▶ [INFORMATION]
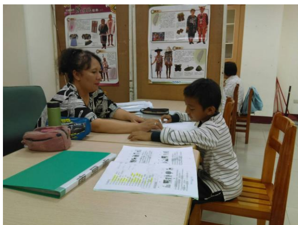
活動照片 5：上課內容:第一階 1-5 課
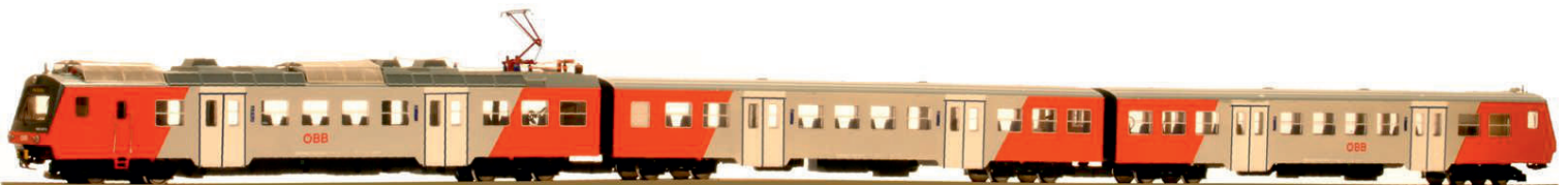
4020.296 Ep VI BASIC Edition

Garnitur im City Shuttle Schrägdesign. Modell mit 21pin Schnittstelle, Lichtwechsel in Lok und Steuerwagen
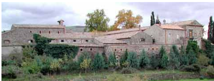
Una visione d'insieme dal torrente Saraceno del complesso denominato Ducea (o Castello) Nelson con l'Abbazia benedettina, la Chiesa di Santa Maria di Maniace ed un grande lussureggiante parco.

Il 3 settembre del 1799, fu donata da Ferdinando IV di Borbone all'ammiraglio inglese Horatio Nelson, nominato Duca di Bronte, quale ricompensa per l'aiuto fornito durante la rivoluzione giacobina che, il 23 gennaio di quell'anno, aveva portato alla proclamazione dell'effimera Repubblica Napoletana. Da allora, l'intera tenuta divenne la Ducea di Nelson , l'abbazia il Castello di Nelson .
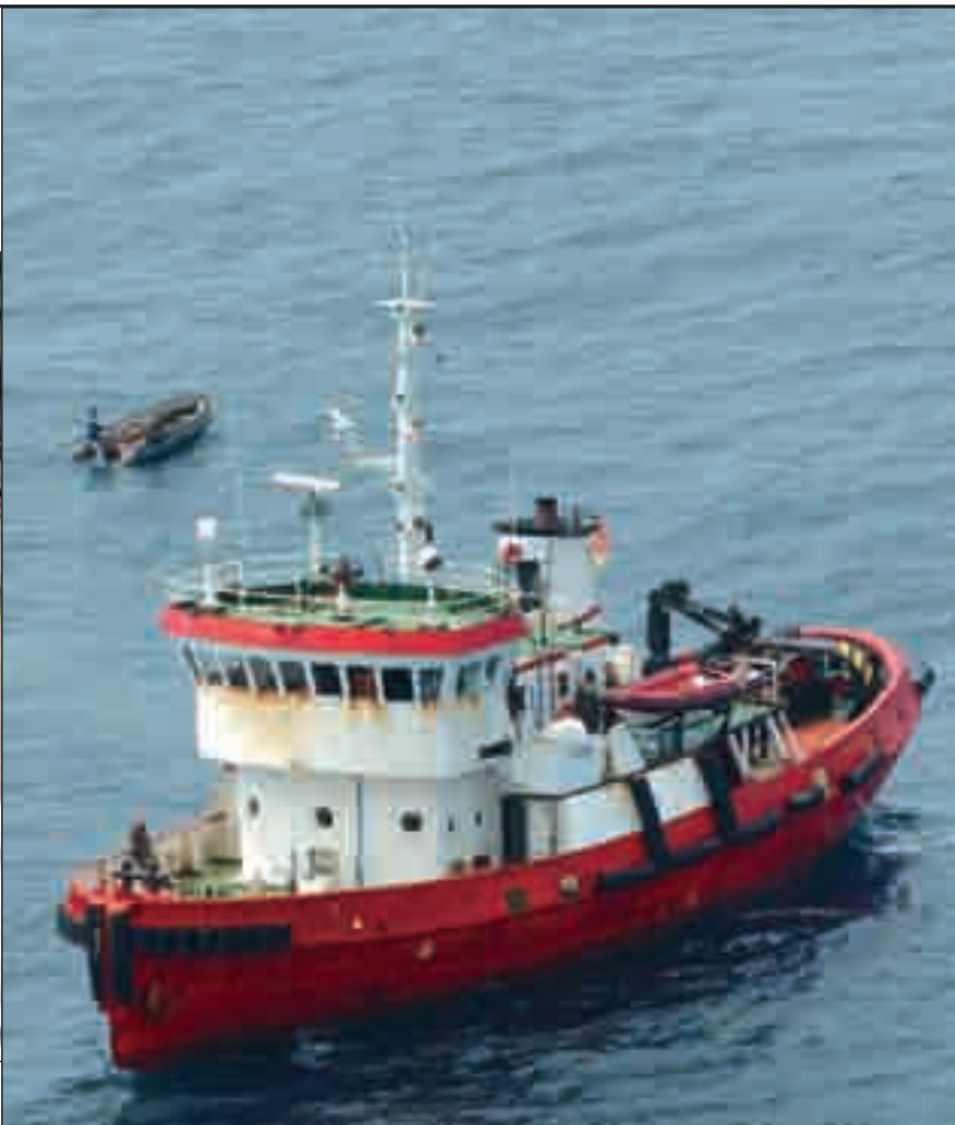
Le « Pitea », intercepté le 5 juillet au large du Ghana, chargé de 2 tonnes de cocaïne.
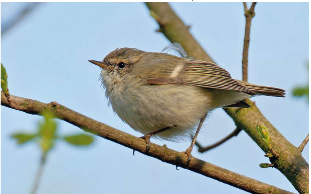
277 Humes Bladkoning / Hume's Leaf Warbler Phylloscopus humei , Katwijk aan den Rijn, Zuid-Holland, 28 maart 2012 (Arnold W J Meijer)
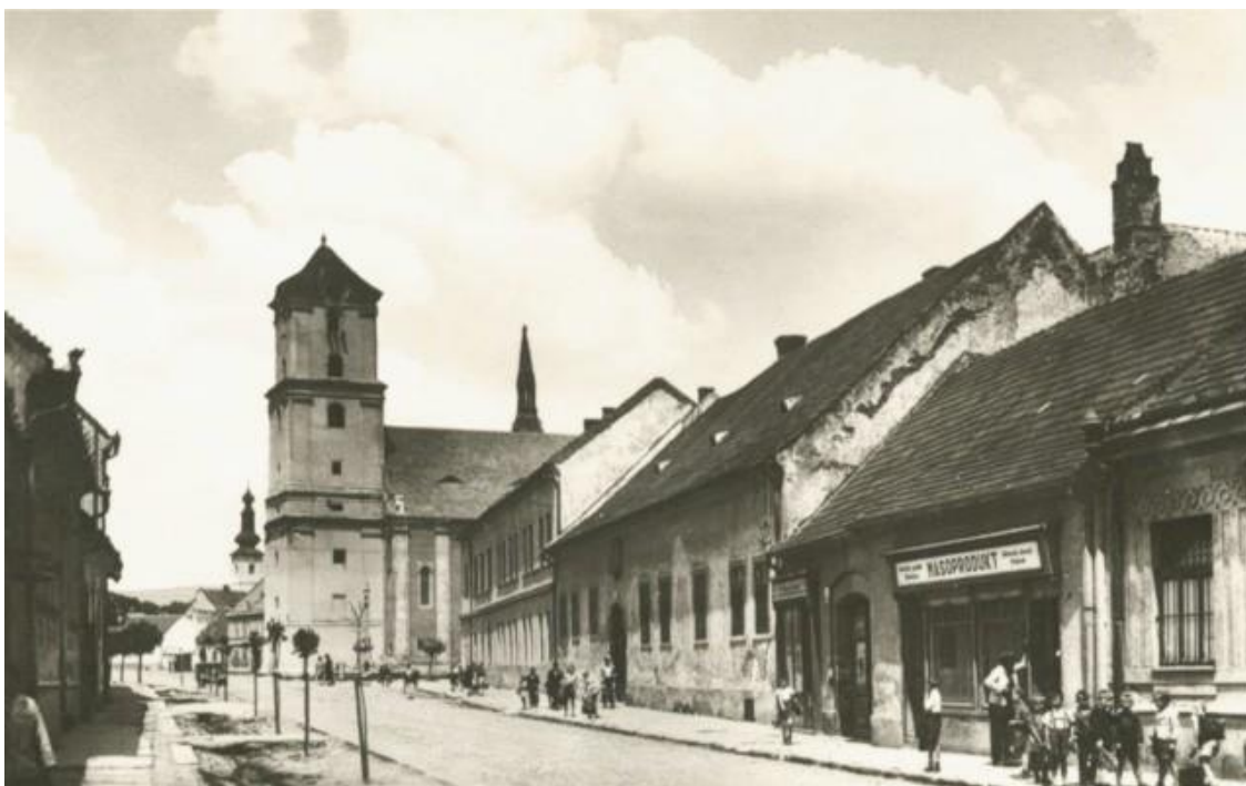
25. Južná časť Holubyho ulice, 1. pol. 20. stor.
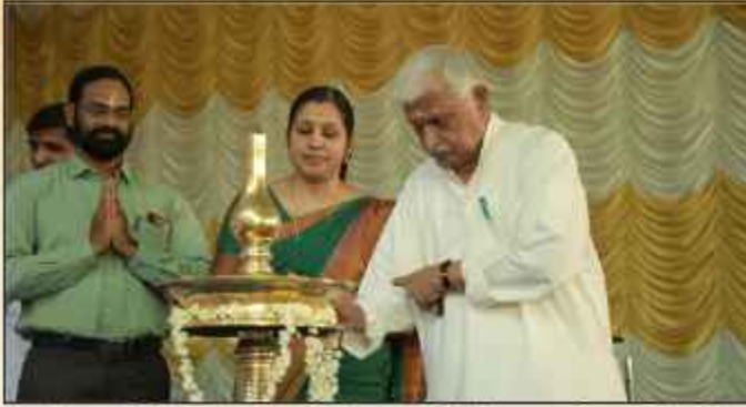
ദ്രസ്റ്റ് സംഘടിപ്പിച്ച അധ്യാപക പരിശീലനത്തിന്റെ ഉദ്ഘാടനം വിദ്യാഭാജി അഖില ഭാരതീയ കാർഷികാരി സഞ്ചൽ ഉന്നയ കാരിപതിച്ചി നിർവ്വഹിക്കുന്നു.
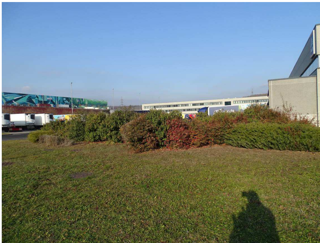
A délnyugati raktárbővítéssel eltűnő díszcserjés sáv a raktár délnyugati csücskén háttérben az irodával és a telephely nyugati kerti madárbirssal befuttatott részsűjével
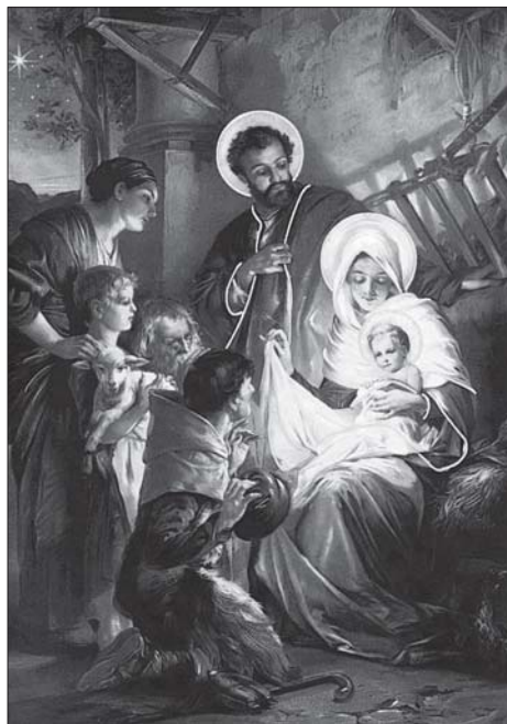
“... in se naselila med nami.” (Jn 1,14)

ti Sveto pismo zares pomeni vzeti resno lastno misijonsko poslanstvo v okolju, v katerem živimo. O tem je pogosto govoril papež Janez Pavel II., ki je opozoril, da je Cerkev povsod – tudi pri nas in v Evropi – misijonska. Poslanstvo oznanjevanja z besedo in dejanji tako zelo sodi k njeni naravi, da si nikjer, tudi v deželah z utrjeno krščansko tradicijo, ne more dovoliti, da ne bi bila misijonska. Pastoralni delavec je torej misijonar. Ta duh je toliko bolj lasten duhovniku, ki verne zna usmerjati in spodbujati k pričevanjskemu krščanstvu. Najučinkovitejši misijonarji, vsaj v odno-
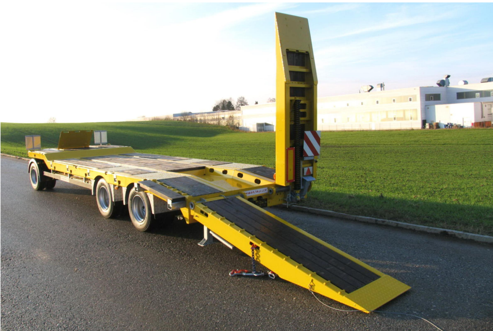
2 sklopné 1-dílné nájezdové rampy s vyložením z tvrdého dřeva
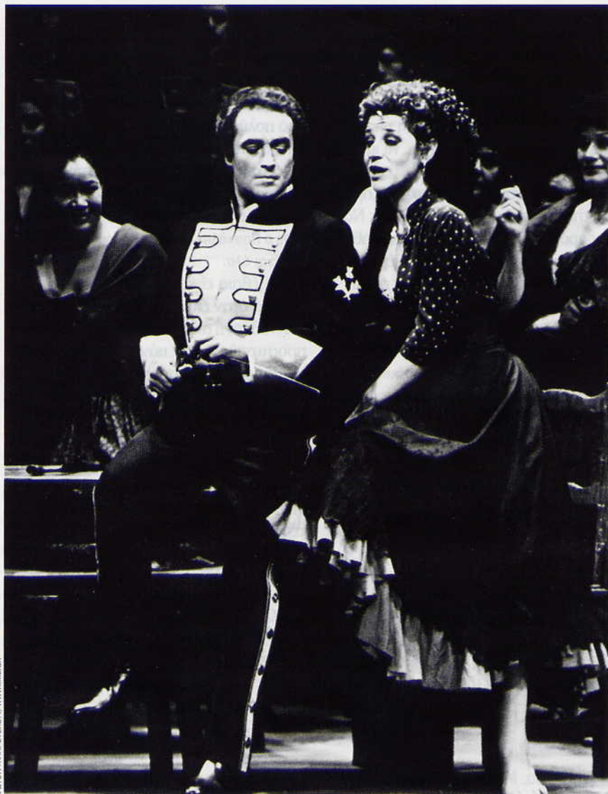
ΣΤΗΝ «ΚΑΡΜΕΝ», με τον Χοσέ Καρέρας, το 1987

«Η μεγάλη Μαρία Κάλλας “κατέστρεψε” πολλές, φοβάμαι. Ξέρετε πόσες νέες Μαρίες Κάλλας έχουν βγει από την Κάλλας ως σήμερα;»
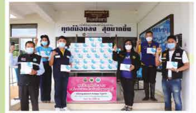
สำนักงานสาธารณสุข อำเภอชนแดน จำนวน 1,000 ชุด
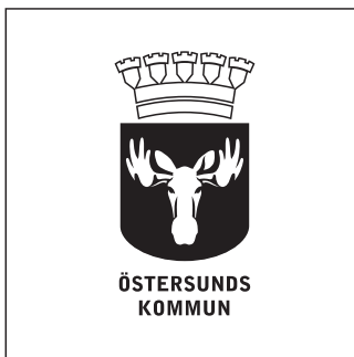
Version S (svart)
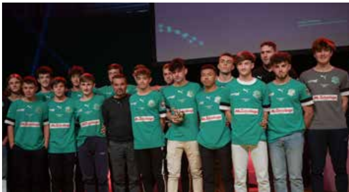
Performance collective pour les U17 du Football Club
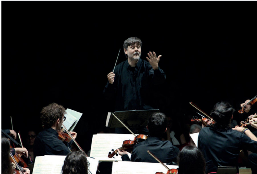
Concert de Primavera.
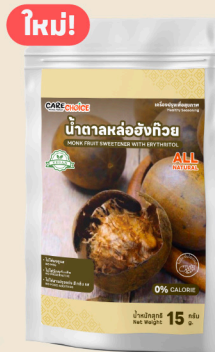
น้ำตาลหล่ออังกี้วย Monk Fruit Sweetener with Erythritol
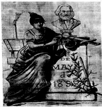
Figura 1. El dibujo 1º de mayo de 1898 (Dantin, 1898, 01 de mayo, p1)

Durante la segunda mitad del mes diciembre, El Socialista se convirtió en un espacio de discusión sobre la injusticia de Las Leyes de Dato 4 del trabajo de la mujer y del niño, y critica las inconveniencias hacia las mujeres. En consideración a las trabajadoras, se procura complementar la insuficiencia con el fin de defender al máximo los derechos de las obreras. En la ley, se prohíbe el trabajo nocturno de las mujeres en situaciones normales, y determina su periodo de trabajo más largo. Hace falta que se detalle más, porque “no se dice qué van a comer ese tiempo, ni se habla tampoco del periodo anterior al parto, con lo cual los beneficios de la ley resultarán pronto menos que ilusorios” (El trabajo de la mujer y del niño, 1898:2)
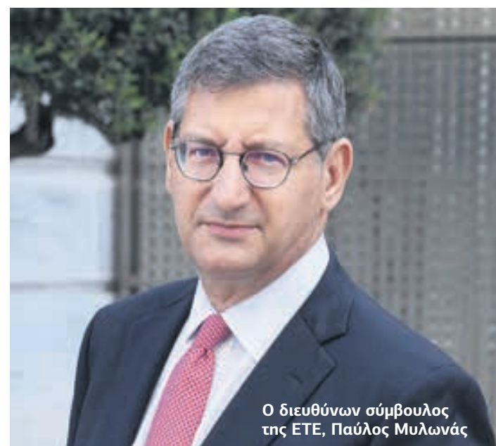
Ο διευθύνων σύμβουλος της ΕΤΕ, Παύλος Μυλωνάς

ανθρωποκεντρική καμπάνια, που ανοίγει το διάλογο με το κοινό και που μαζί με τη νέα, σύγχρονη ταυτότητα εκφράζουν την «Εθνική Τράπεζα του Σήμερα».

▶ [TASK REQUIREMENTS]
Copy out every line of the listing that includes the string "Nelson".

▶ [TASK ANSWER]
Una visione d'insieme dal torrente Saraceno del complesso denominato Ducea (o Castello) Nelson con l'Abbazia benedettina, la Chiesa di Santa Maria di Maniace ed un grande lussureggiante parco.
Il 3 settembre del 1799, fu donata da Ferdinando IV di Borbone all'ammiraglio inglese Horatio Nelson, nominato Duca di Bronte, quale ricompensa per l'aiuto fornito durante la rivoluzione giacobina che, il 23 gennaio di quell'anno, aveva portato alla proclamazione dell'effimera Repubblica Napoletana. Da allora, l'intera tenuta divenne la Ducea di Nelson , l'abbazia il Castello di Nelson .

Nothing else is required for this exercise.